Молится, а мне кажется, мама моя по мне плачет, тоже, наверное, бога об этом же просит…
Дружно, душа в душу жили мы: делить нам нечего, а жизнь жить — горе мыкать вдвоем легче. Обстирывала она меня, обихаживала как могла. Ох, умна сердцем русская женщина-матерь! Приметит, что я снулый да квелый хожу — дело обязательно найдет: то лучинку ей нащепи, то стайку поправь, то… будто я о семи глазах мужик. Правду сказать, ох! — как по-настоящему хотелось работать. Тело тоской исходит, руки по ночам ноют — работы просят, и так я во сне хорошо да ладом дело делаю: то фуганком пройдусь по лобовой доске, то на князевой слеге сижу — охлупень-конек топором мастачу… Что говорить! Безделье для души — ряска для речки: застоится вода — всю ею затянет.
Была, правда, забава одна — вечерком возьму аккордеон да на крылечко выйду, разведу меха, сам песенки в полголоса наговариваю. И откуда что берется?!

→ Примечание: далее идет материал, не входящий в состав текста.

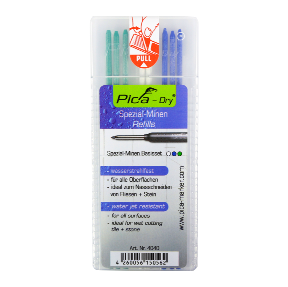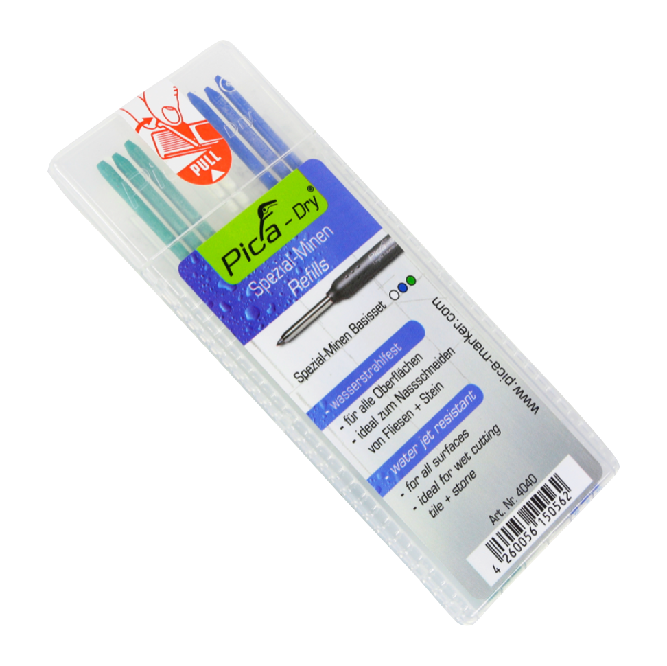 Ces mines spéciales de rechanges de Pica Dry conviennent pour presque toutes les surfaces, qu'elles soient lisses ou rugueuses, sèches ou humides, poussiéreuses ou huileuses. Elles sont particulièrement adaptées à la coupe humide des carreaux et des pierres. Ces mines spéciales Pica Dry sont sans chlorure.

Очень Лукерья Антоновна наши вечерние посиделки любила. Часто просила вот эту песенку спеть:
Высоко в небе два сокола летят, Ой, да над землею зеленою. Высоко соколы летят, Ой, да над тучей черною… Ой, да над речкой светлою Старая матерь-береза стоит, Ой, да плачет она, не наплачется; Сыновей своих домой ждет…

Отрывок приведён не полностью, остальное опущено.